The Head & Heart
To live is to love. To love is to live. When it comes to life and love, the hardest part is finding the perfect balance between the head and the heart. One is logical, the other is emotional. One is driven by survival, while the other by passion. To live with our heads and to love with our hearts is easy, but to live a life of love or to love the life we live...not so much. It's a constant battle...a constant balance of finding the perfect consistency between head and heart. Each individual has to find the right balance for themselves.
Though I may be head driven, my heart has led me around the world on amazing adventures and in the company of good people. I've gotten to see breathtaking sights, taste exotic fruits and truly feel how it feels to be free. Free from anger. Free from sadness. Free from regrets. And free from any limitations that has been placed on me by others and especially my-own-self.

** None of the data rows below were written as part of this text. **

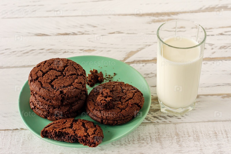Шоколадное печенье на завтрак со стаканом молока на белом деревянном столе
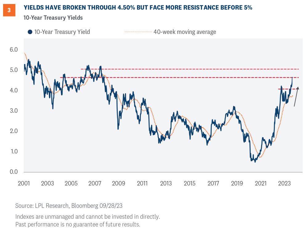 The fundamental call for the 10-year Treasury yield to perhaps remain in the 4s through yearend matches up well with the technical analysis picture. As shown in Figure 3, 10-year yields have broken out above the October 2022 highs at 4.34%, leaving 4.70% and 4.90% as the next areas of overhead resistance. Momentum is confirming the breakout, but yields are now historically overbought. The Relative Strength Index (RSI)—a momentum oscillator used to measure the speed and magnitude of price action—climbed to 73 last week, marking its highest reading in nearly a year.
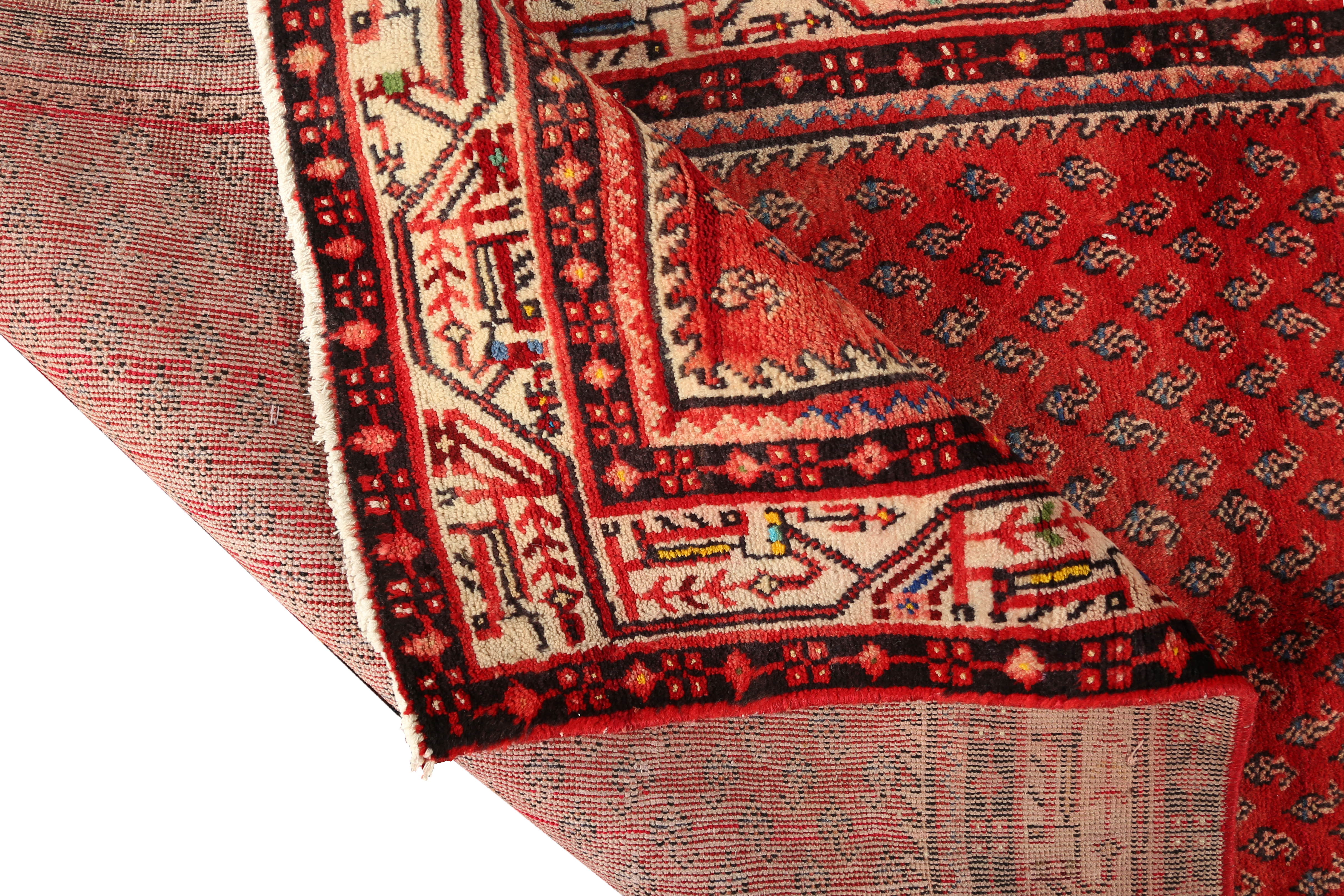This magnificent semi antique Arak Persian rug, measuring 7'9" x 3'6", presents a stunning interpretation of the beloved Herati pattern in a refined red, cream, and navy blue palette. The traditional Mahi motifs dance across the field with remarkable precision, each diamond-shaped medallion filled with intricate fish and rosette designs that speak to four decades of masterful Persian craftsmanship.
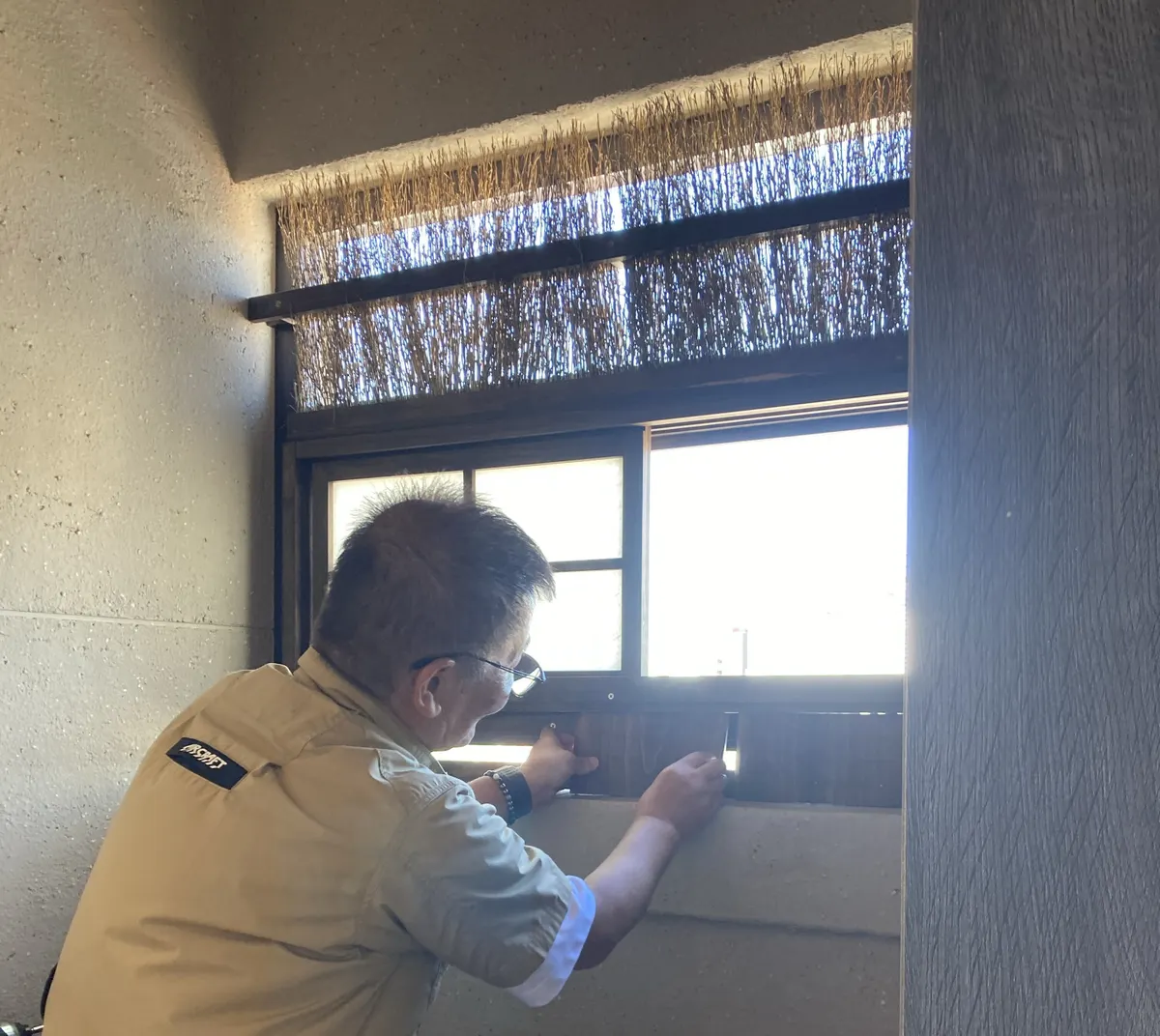 ↑「ヒミツの小窓」の隙間をぴっちりふさぐ松鵜棟梁

When I told myself that I'd want to become a yoga teacher one day, I meant a day far, far away. You know, the day "after I get my shit together." Instead, it felt as if my dreams manifested overnight. But in truth, it did not. It took 10 weeks to get certified, but it's been 10 years of doing the work to understand the human experience and learning my own body. It's been a process, a long, tough and sometimes ugly process. In retrospect, life has unfolded beautifully, even in murky waters.
Thanks to Facebook, I discovered Sansara Surf & Yoga Resort when I was tagged in a friend's photo. Immediately, I fell in L-O-V-E. It was one of those things you simply couldn't ignore. So of course, I contacted the wonderful people at Sansara to set something up. Honestly, I was going to go one way or another, solo if I had to. Between a few emails back and forth from Jenna, my dreams of hosting my own retreats began to manifest itself into reality.
In February of 2015, I will be hosting my first yoga retreat for an intimate group of friends in Cambutal, Panama. I call it a Surf & Yoga Holiday. Instead of retreating from life, we shall celebrate life as the locals would during Carnival in South America.
I always say that when the head and heart are aligned, the soul expands giving the spirit more space to play.